Problem to work on: Could you give again exactly, and only, the lines from the one holding "(文/图   数字经济与管理学院  李玲)2005" through the end of the data, both ends included, with pictures left out?

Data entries
★ ★ ★ ★ ★

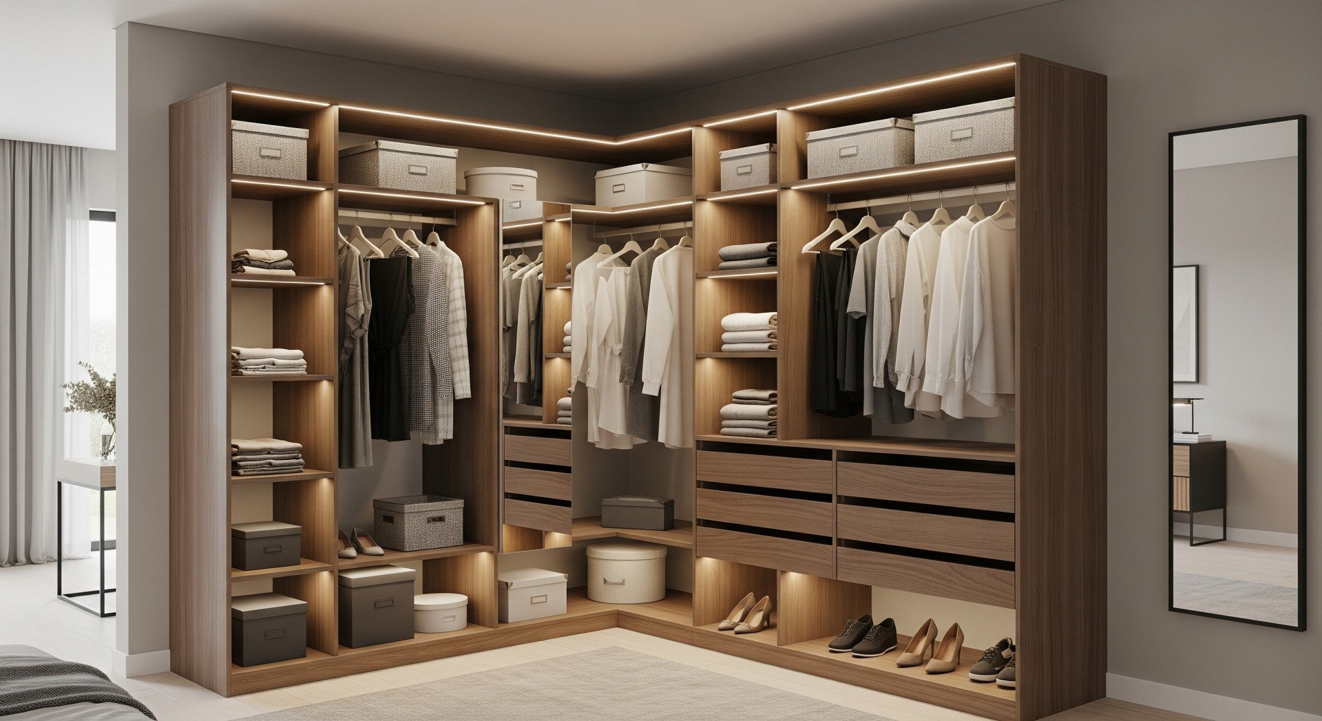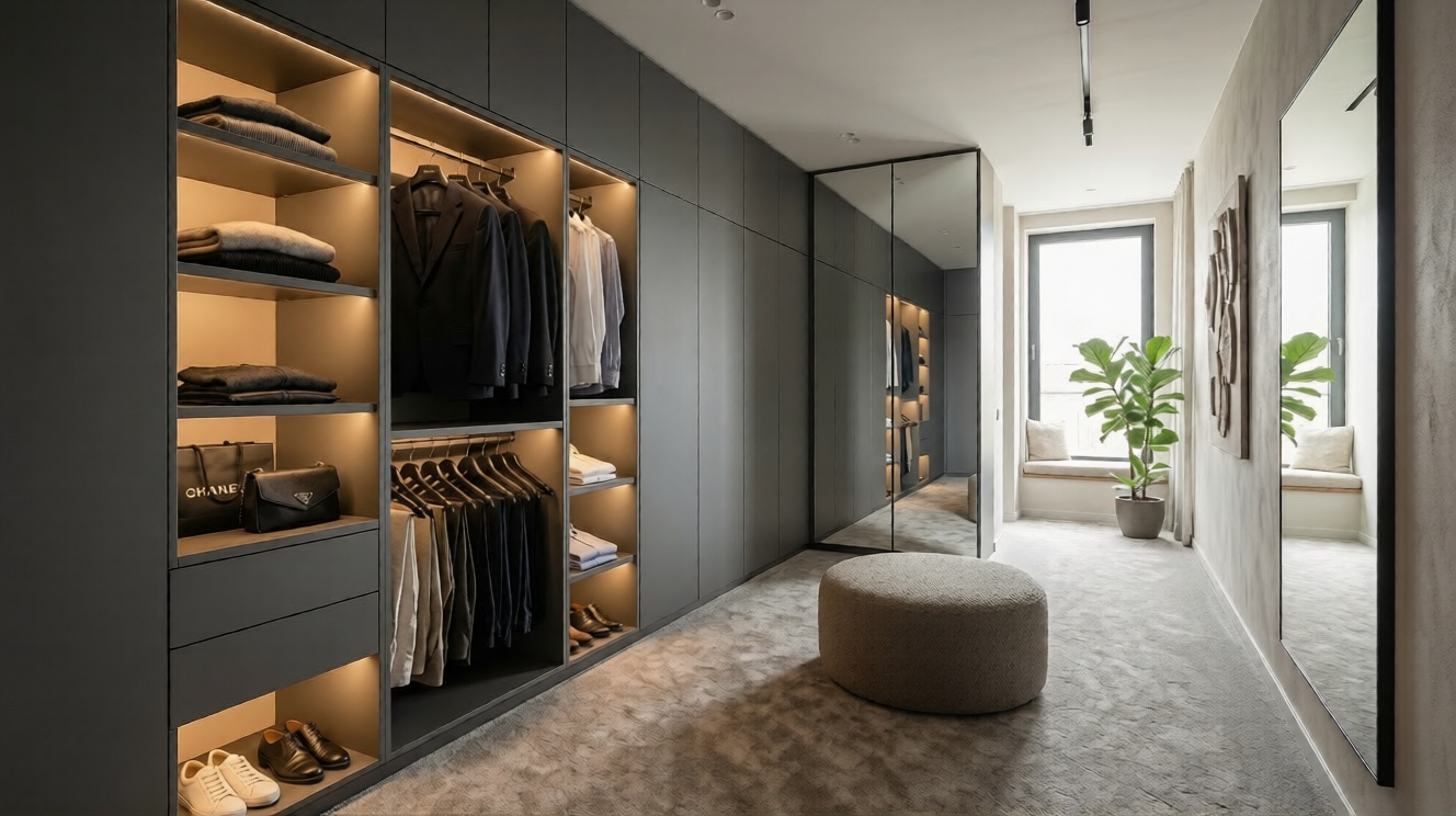 Решение: Мы превратили комнату в продуманную систему, где у каждой вещи — от вечернего платья до любимых кроссовок — появилось своё идеальное место. Мы использовали открытые секции для наглядности, изящные выдвижные ящики для мелочей и добавили мягкую, естественную подсветку, которая выгодно подчеркивает фактуру тканей.
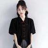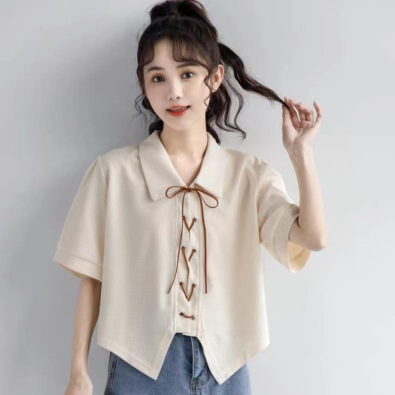 Apricot Short-sleeved Shirt for Women with Straps for Women In Summer New Waffle Shirt Polo Collar Short Top
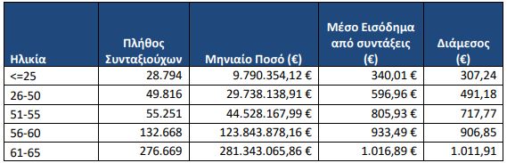 Συνταξιούχοι ηλικίας μεταξύ 61-70 ετών λαμβάνουν τα υψηλότερα ποσά σύνταξης.
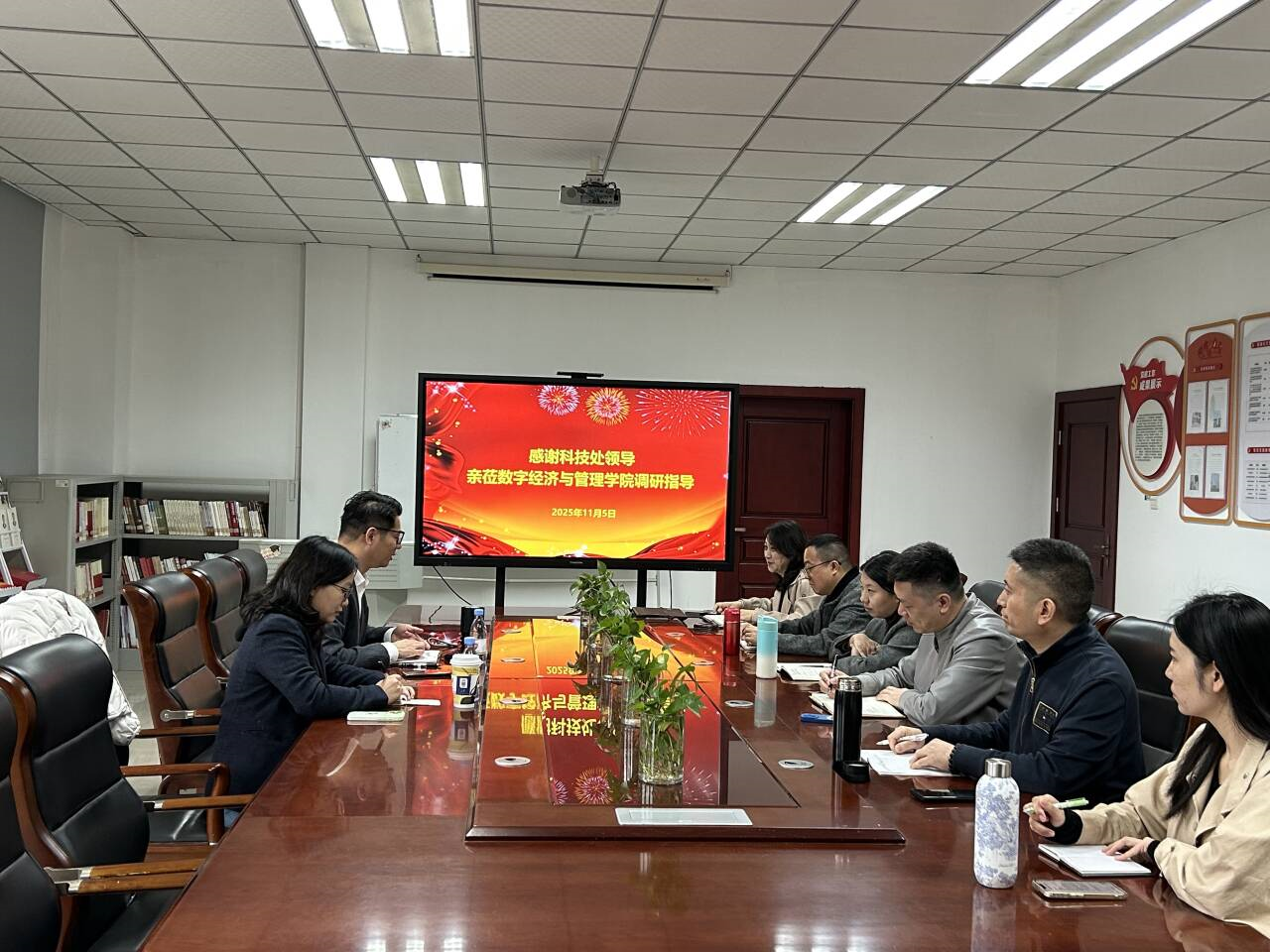 (文/图   数字经济与管理学院  李玲)2005 年 10 月 6 日,科技处汪俊良副处长、陈心悦老师到数字经济管理学院开展学科科研工作专项调研。调研会议在学院3413会议室召开,学院副院长李玲、徐先航,科研团队负责人王渝、刘婷婷、薛进凤及科研骨干唐菠参与调研。
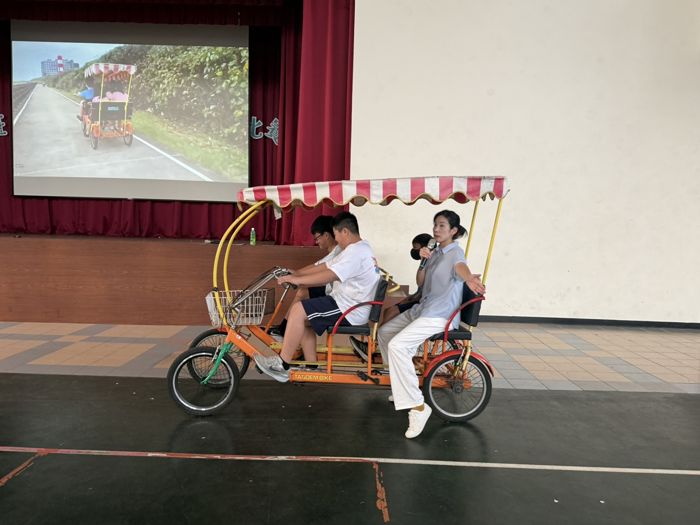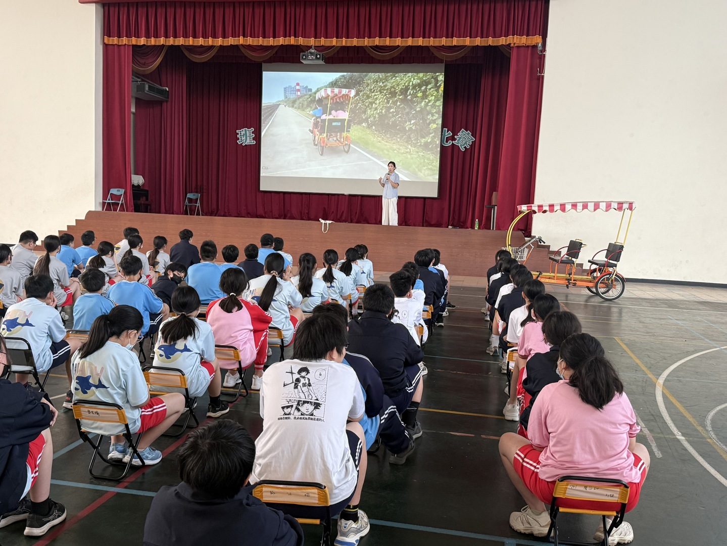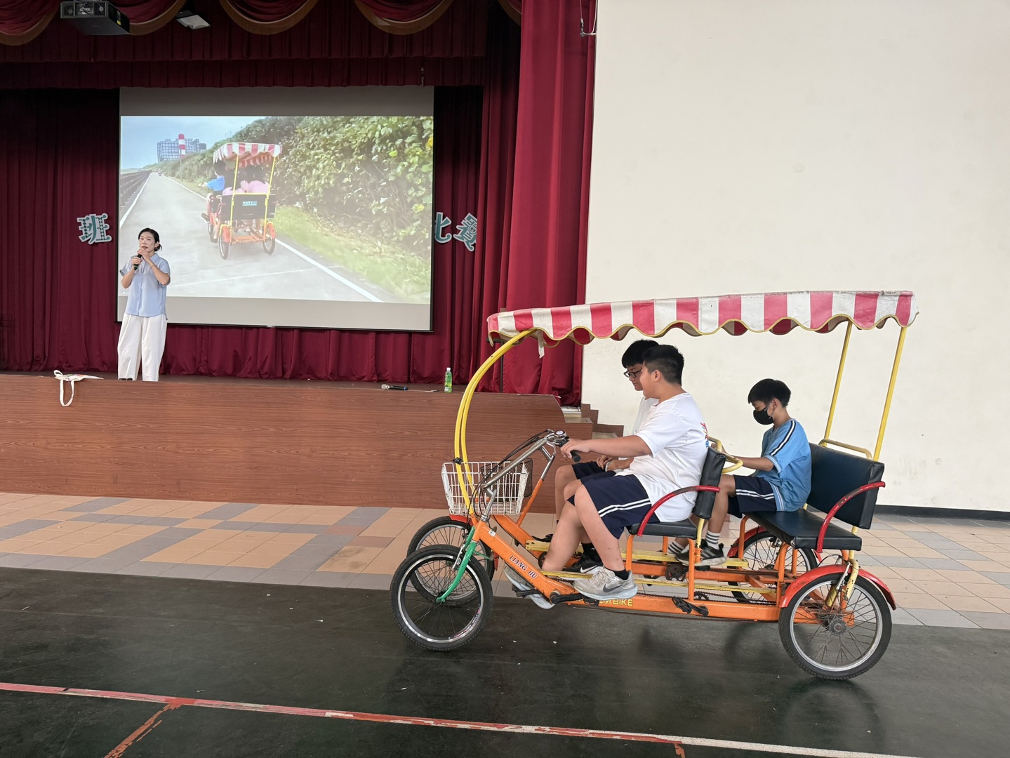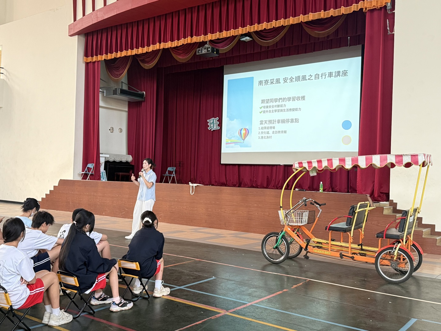 講座中指出,四人協力車車體較重、煞車距離較長,且海岸線風勢強勁,騎乘時須特別留意車輛穩定與轉彎安全。宣導重點包含駕駛負責控制方向與煞車、乘客穩定踩踏不隨意晃動,並提醒學生於會車、路口及人多處主動減速,落實「提早煞車、慢速轉彎」之原則。

★ ★ ★ ★ ★

Exercise result:
 (文/图   数字经济与管理学院  李玲)2005 年 10 月 6 日,科技处汪俊良副处长、陈心悦老师到数字经济管理学院开展学科科研工作专项调研。调研会议在学院3413会议室召开,学院副院长李玲、徐先航,科研团队负责人王渝、刘婷婷、薛进凤及科研骨干唐菠参与调研。
 講座中指出,四人協力車車體較重、煞車距離較長,且海岸線風勢強勁,騎乘時須特別留意車輛穩定與轉彎安全。宣導重點包含駕駛負責控制方向與煞車、乘客穩定踩踏不隨意晃動,並提醒學生於會車、路口及人多處主動減速,落實「提早煞車、慢速轉彎」之原則。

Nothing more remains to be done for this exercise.